START INFORMATION SUPPLIED

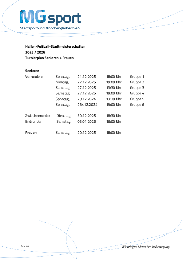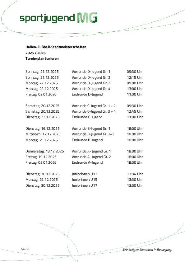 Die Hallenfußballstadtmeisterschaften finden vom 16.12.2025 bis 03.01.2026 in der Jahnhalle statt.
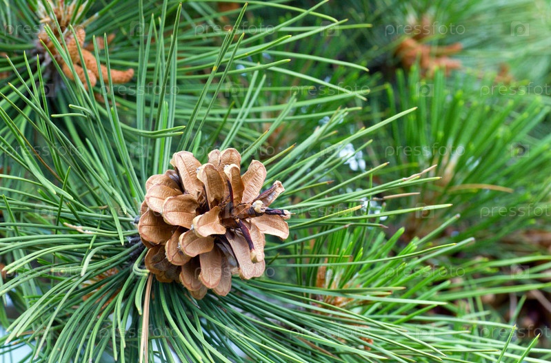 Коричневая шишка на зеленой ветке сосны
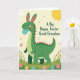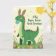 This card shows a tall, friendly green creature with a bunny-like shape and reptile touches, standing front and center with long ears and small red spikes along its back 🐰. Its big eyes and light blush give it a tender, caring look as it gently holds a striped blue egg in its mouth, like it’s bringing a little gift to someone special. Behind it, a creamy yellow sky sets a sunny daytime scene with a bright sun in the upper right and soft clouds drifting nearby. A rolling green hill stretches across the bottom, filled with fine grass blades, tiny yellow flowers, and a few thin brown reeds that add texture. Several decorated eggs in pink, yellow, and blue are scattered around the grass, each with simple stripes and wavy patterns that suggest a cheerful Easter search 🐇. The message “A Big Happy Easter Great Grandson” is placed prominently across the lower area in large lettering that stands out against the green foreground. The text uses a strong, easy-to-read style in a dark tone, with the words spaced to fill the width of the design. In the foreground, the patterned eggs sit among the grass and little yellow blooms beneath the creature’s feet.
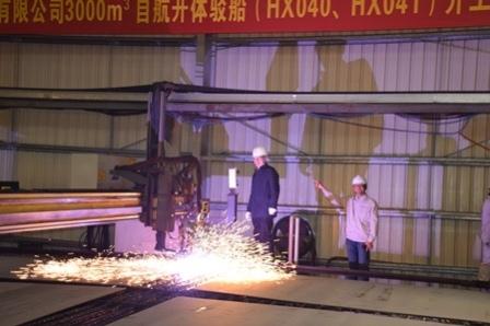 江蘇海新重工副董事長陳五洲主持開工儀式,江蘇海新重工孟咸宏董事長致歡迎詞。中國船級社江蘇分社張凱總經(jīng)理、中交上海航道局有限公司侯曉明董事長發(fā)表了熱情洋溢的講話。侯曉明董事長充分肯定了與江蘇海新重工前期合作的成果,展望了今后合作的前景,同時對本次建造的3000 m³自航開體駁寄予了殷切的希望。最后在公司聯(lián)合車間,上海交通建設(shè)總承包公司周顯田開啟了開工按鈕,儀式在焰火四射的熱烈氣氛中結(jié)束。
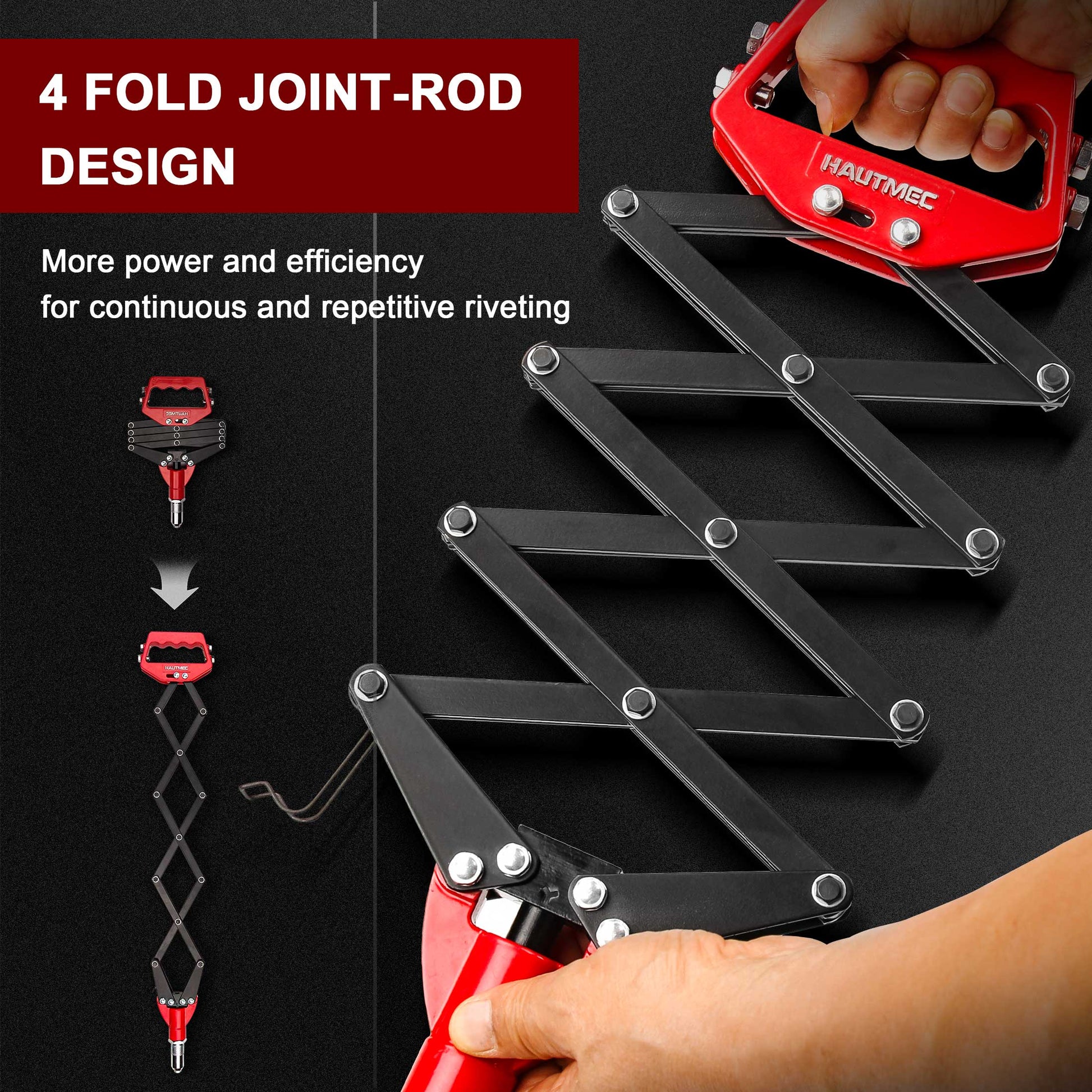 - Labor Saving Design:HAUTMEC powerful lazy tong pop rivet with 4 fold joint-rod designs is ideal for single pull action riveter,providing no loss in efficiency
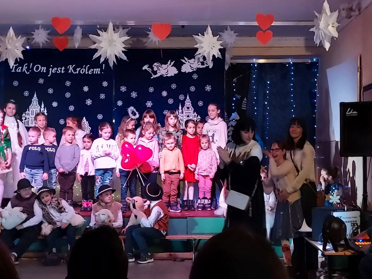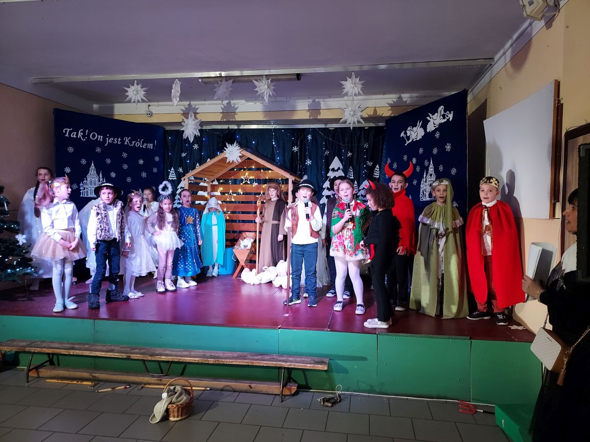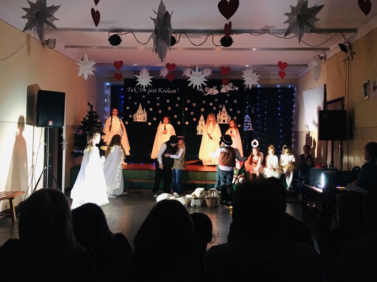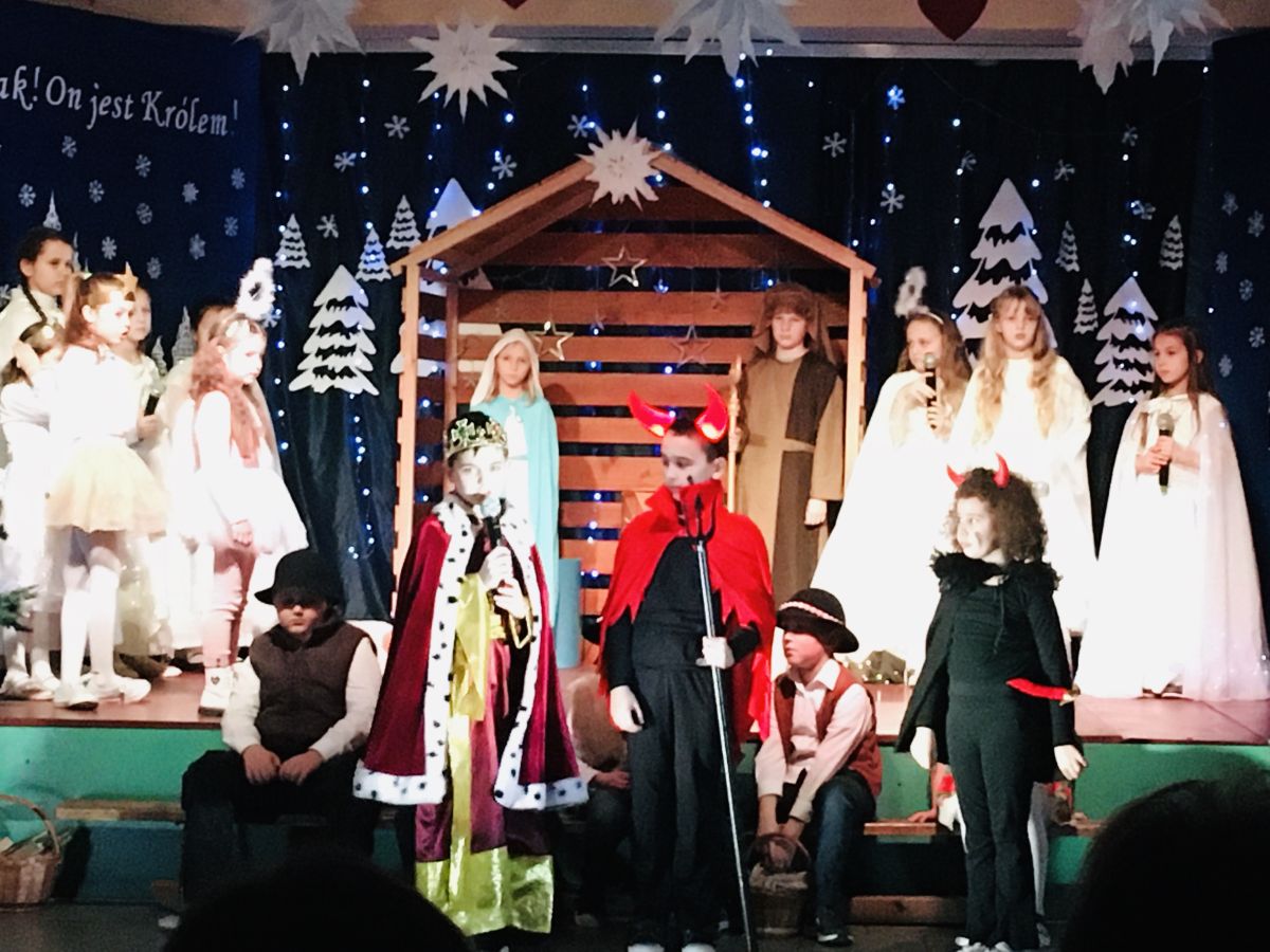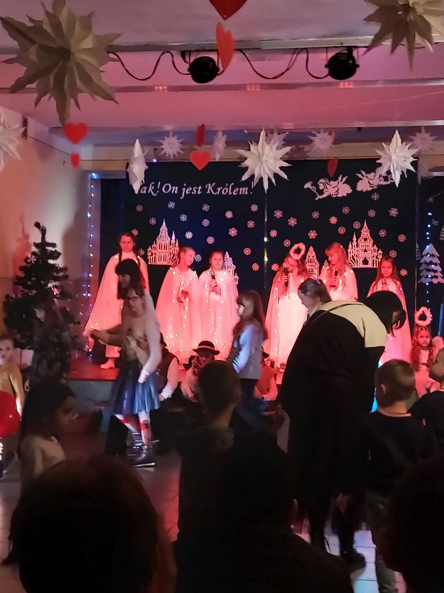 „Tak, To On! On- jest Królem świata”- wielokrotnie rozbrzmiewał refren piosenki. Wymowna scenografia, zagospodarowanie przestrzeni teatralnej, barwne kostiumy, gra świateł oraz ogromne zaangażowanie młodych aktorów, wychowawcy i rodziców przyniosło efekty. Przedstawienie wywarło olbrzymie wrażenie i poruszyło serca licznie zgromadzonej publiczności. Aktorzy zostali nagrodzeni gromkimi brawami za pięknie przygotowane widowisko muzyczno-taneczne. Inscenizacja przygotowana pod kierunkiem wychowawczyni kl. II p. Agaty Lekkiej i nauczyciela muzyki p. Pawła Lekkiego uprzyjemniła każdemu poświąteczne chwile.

END INFORMATION SUPPLIED
START INFORMATION SUPPLIED

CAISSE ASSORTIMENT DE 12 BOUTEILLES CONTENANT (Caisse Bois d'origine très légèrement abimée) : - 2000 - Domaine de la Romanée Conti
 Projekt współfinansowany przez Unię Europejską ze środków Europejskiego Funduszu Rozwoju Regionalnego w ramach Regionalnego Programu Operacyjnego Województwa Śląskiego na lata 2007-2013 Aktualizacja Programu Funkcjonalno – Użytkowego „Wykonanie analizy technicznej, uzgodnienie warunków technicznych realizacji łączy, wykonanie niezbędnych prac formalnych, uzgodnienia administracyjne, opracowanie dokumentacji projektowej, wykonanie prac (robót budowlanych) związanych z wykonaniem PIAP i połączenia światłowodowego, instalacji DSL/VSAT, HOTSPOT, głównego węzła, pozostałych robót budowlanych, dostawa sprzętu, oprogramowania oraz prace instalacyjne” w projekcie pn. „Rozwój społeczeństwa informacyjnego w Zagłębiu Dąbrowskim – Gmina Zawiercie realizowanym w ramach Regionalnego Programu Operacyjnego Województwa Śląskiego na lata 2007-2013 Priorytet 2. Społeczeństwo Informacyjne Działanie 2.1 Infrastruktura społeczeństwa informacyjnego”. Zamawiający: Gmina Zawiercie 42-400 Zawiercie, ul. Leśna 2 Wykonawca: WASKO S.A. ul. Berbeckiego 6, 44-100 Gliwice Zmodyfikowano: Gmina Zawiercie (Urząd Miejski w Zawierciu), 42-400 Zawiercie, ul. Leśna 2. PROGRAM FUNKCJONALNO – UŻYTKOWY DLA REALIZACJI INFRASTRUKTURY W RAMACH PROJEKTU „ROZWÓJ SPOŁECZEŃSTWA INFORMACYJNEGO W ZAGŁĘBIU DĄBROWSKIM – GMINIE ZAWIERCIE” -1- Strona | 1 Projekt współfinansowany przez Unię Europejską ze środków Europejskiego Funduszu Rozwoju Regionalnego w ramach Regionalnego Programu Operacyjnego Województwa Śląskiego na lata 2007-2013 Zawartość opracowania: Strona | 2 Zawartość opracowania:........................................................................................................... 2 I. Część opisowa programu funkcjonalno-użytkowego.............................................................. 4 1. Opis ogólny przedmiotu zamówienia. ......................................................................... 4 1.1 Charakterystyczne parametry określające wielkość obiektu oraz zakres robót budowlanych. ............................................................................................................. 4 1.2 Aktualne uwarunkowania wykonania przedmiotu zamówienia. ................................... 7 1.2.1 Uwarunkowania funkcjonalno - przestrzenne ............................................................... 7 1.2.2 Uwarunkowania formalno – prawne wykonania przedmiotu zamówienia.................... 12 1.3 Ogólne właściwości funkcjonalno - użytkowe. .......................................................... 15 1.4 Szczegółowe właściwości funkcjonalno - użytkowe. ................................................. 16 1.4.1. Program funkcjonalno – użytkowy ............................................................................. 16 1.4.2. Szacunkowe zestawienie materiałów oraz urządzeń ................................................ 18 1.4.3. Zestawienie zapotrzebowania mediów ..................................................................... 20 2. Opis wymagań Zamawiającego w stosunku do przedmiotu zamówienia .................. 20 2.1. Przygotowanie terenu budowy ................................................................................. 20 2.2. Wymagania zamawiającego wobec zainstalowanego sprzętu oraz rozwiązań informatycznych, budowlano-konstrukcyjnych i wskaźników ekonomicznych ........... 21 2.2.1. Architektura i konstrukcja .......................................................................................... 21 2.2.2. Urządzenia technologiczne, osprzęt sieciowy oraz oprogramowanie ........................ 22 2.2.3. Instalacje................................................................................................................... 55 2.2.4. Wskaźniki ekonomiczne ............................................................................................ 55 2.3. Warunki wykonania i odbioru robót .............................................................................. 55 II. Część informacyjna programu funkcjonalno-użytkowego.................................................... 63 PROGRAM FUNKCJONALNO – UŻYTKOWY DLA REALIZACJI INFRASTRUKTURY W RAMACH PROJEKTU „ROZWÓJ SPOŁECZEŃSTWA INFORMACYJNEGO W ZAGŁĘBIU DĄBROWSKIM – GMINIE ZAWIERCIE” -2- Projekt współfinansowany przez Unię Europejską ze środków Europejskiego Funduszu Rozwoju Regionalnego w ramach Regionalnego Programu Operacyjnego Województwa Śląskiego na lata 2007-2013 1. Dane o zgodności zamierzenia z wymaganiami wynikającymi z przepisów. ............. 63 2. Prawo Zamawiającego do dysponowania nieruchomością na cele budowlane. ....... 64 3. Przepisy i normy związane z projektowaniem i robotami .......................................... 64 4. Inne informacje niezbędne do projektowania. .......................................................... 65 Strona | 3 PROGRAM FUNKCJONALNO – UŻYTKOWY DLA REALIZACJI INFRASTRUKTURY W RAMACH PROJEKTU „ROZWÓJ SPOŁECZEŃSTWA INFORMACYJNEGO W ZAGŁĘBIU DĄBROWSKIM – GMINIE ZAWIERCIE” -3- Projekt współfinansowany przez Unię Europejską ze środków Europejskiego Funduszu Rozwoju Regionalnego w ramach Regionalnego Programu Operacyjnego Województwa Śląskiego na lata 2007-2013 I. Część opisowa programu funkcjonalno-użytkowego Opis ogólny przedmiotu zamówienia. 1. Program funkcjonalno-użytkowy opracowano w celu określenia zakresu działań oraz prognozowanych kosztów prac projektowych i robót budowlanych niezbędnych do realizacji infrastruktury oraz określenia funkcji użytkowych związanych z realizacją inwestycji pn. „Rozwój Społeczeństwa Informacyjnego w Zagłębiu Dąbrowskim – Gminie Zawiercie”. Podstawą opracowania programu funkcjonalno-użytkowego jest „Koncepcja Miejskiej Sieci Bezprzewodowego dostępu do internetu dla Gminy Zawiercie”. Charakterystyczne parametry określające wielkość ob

END INFORMATION SUPPLIED

§ **PROBLEM TO WORK ON**
Above are some records. Output exactly the lines from the one that contains "- Labor Saving" to the one that contains "każdemu poświąteczne chwile.", keeping both, and omit the pictures.

§ **ANSWER SPACE**
 - Labor Saving Design:HAUTMEC powerful lazy tong pop rivet with 4 fold joint-rod designs is ideal for single pull action riveter,providing no loss in efficiency
 „Tak, To On! On- jest Królem świata”- wielokrotnie rozbrzmiewał refren piosenki. Wymowna scenografia, zagospodarowanie przestrzeni teatralnej, barwne kostiumy, gra świateł oraz ogromne zaangażowanie młodych aktorów, wychowawcy i rodziców przyniosło efekty. Przedstawienie wywarło olbrzymie wrażenie i poruszyło serca licznie zgromadzonej publiczności. Aktorzy zostali nagrodzeni gromkimi brawami za pięknie przygotowane widowisko muzyczno-taneczne. Inscenizacja przygotowana pod kierunkiem wychowawczyni kl. II p. Agaty Lekkiej i nauczyciela muzyki p. Pawła Lekkiego uprzyjemniła każdemu poświąteczne chwile.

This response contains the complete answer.